- **WHAT YOU SHOULD DO**
Repeat exactly the lines that begin at the one containing "In questa inserzione" and end at the final line of the records; include no pictures and nothing else.
☆ ☆ ☆
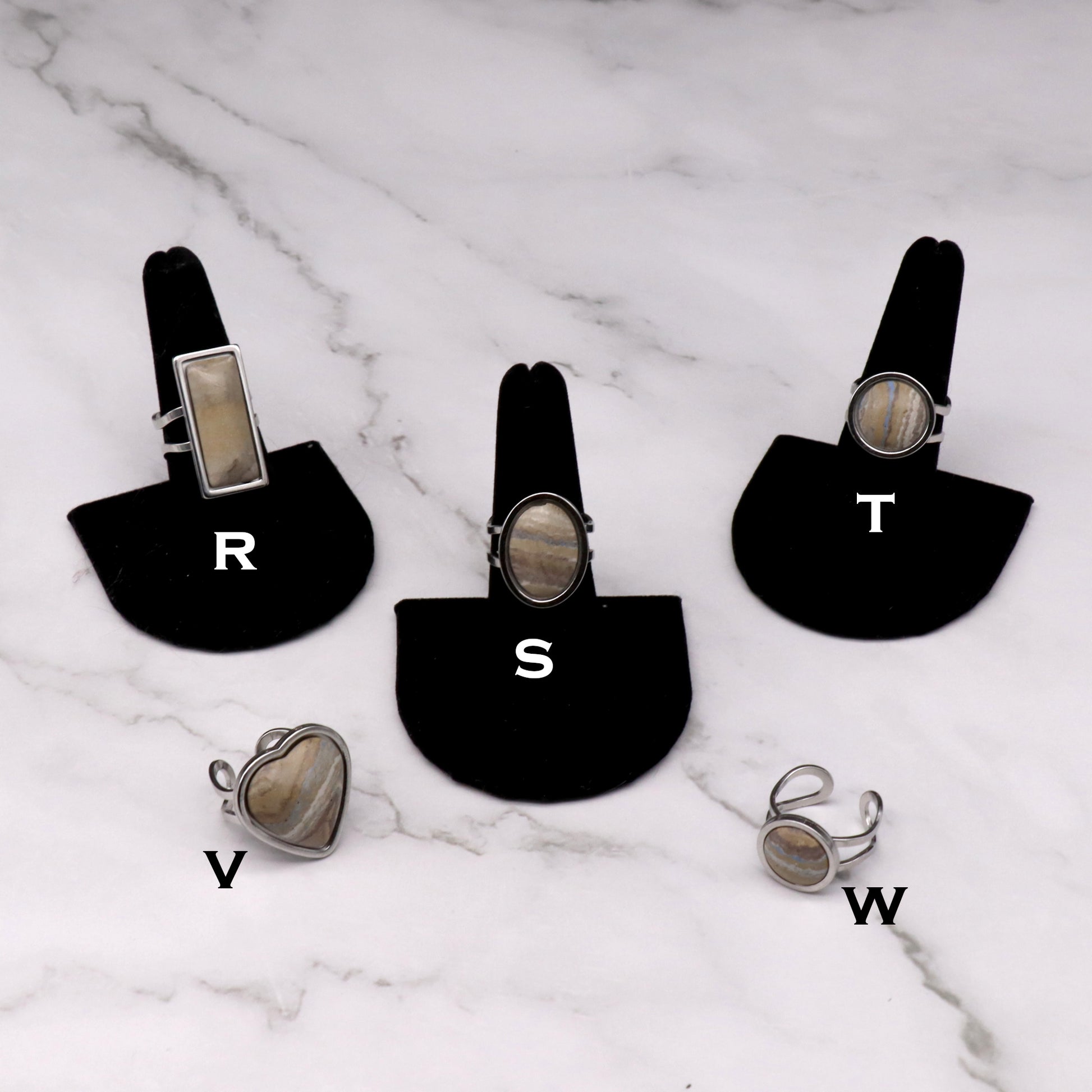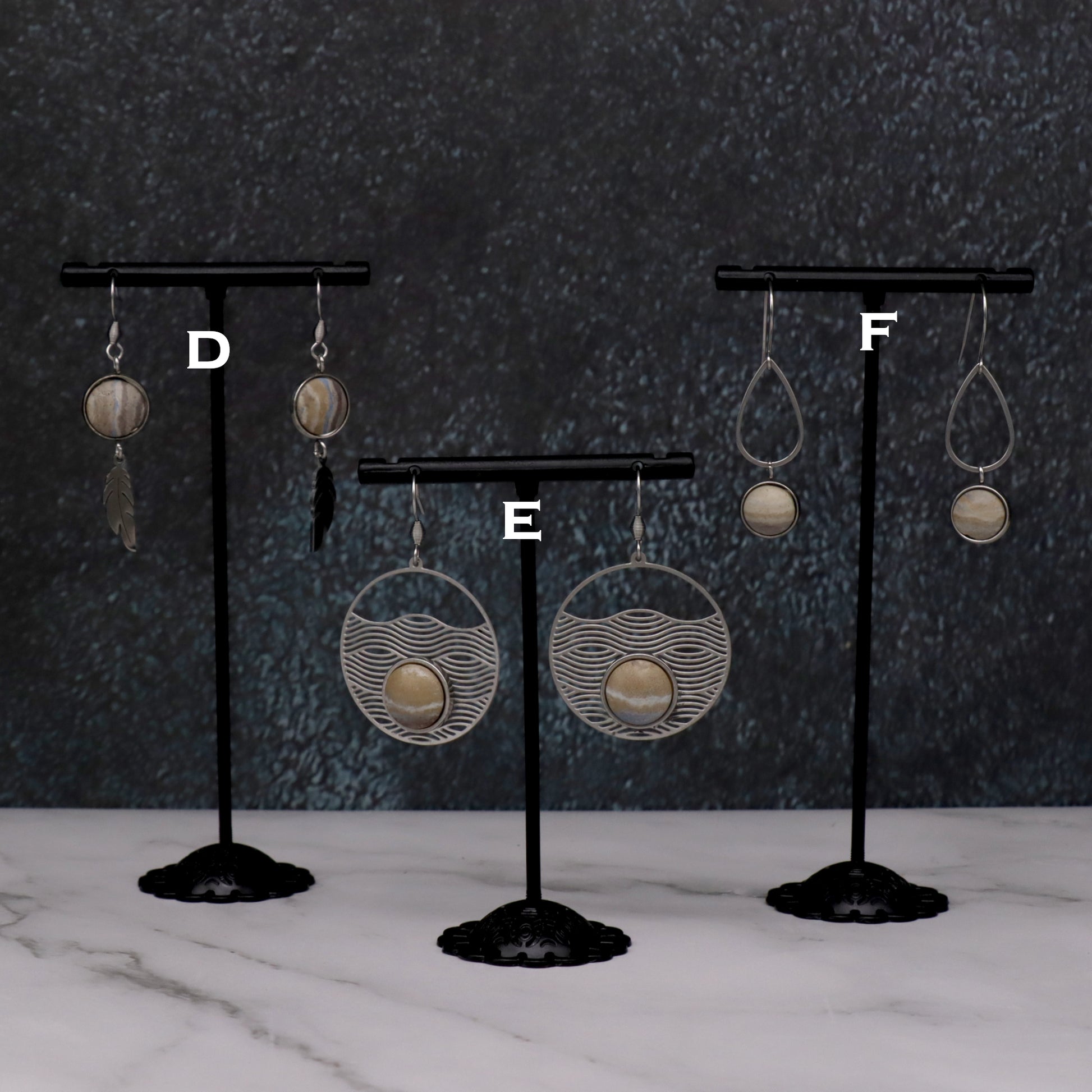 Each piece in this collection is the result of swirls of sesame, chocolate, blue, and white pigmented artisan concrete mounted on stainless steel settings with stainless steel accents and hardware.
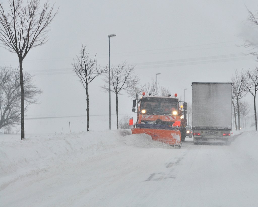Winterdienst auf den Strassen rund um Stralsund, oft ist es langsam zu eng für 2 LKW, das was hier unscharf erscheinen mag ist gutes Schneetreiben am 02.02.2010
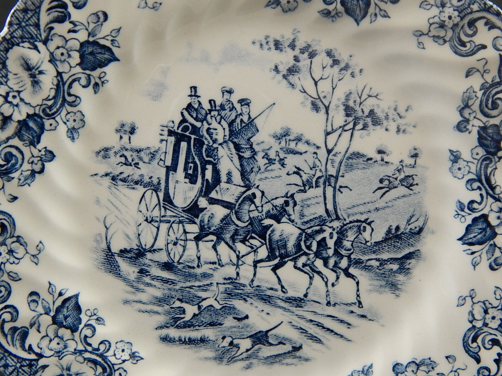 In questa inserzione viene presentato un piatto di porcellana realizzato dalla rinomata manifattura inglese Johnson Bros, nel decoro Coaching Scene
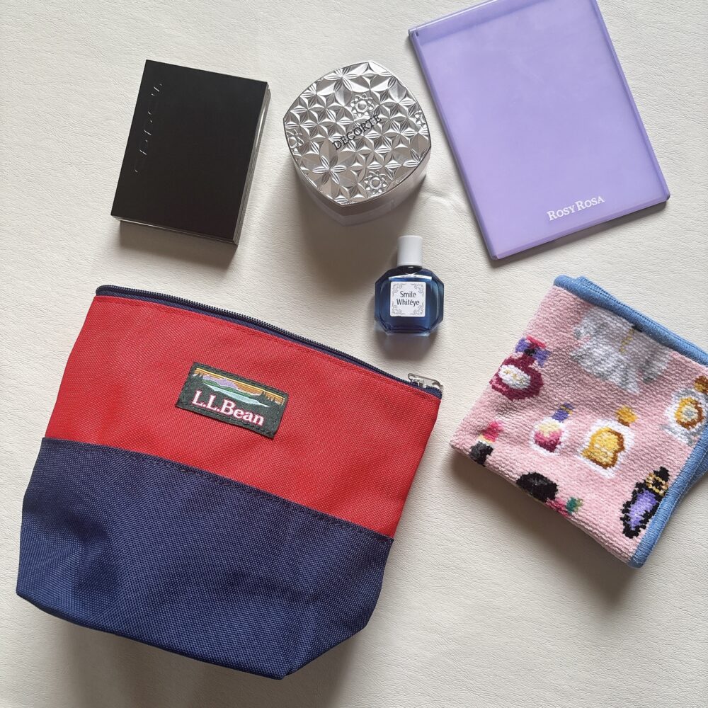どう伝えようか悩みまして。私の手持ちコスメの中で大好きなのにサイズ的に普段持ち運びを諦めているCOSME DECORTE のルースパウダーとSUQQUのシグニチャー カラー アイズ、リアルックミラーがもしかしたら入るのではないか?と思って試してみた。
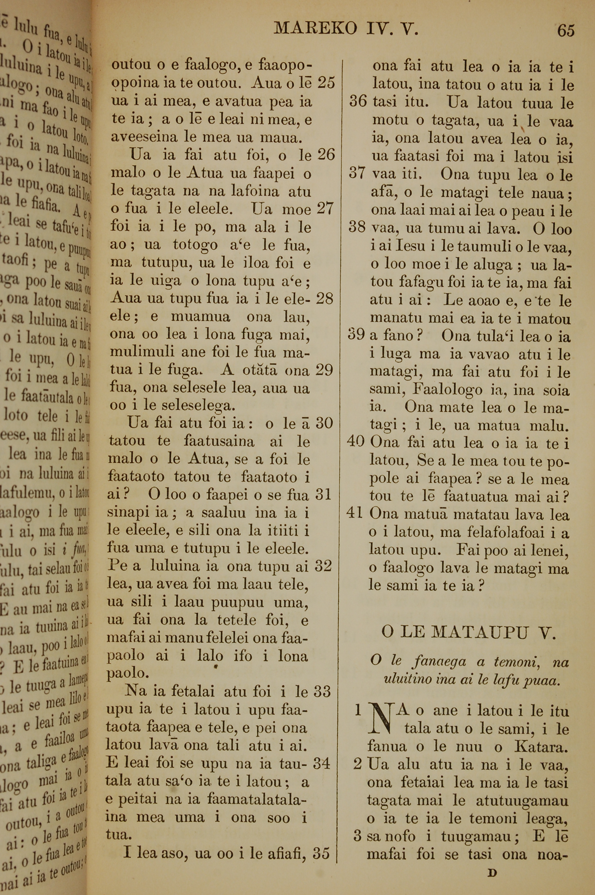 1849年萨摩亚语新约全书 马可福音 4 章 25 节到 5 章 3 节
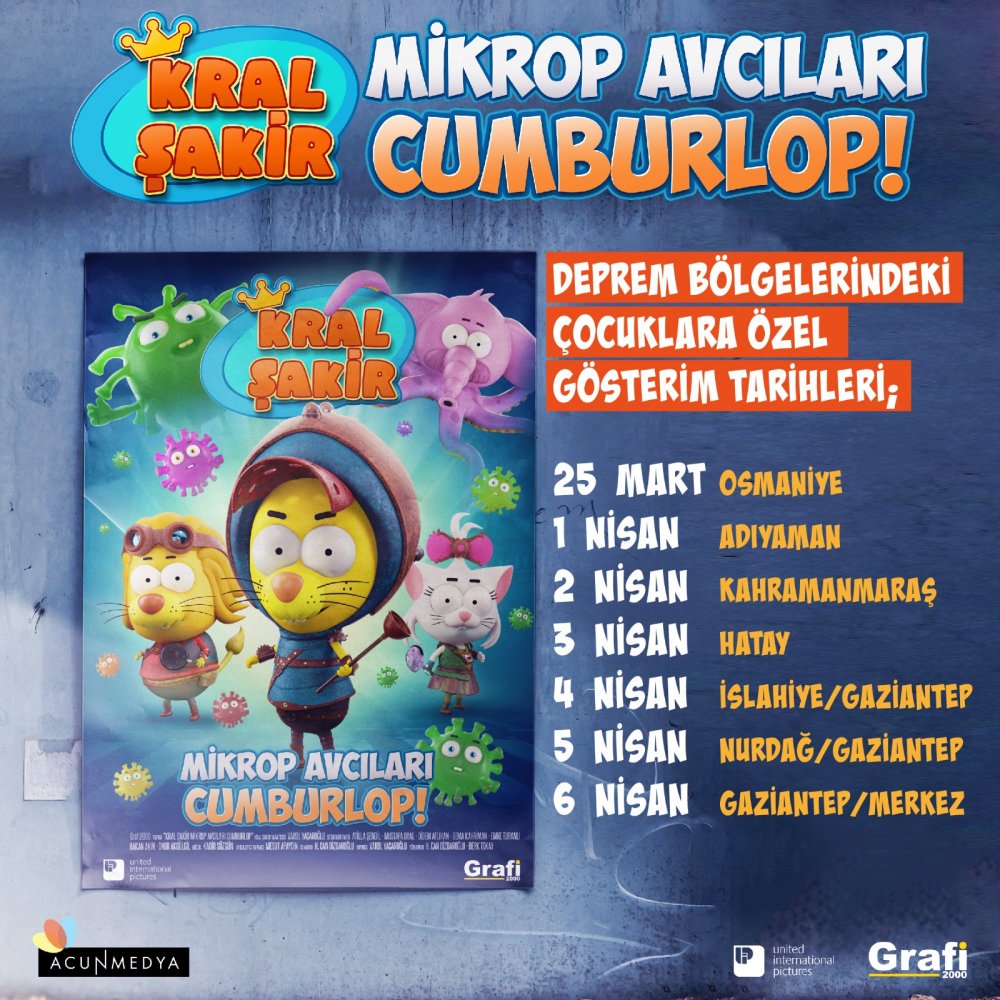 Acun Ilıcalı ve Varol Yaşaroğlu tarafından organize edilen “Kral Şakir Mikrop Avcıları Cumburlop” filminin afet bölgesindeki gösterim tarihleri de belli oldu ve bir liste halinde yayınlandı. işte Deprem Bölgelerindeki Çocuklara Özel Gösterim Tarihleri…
☆ ☆ ☆
- **TASK RESPONSE**
 In questa inserzione viene presentato un piatto di porcellana realizzato dalla rinomata manifattura inglese Johnson Bros, nel decoro Coaching Scene
どう伝えようか悩みまして。私の手持ちコスメの中で大好きなのにサイズ的に普段持ち運びを諦めているCOSME DECORTE のルースパウダーとSUQQUのシグニチャー カラー アイズ、リアルックミラーがもしかしたら入るのではないか?と思って試してみた。
 1849年萨摩亚语新约全书 马可福音 4 章 25 节到 5 章 3 节
 Acun Ilıcalı ve Varol Yaşaroğlu tarafından organize edilen “Kral Şakir Mikrop Avcıları Cumburlop” filminin afet bölgesindeki gösterim tarihleri de belli oldu ve bir liste halinde yayınlandı. işte Deprem Bölgelerindeki Çocuklara Özel Gösterim Tarihleri…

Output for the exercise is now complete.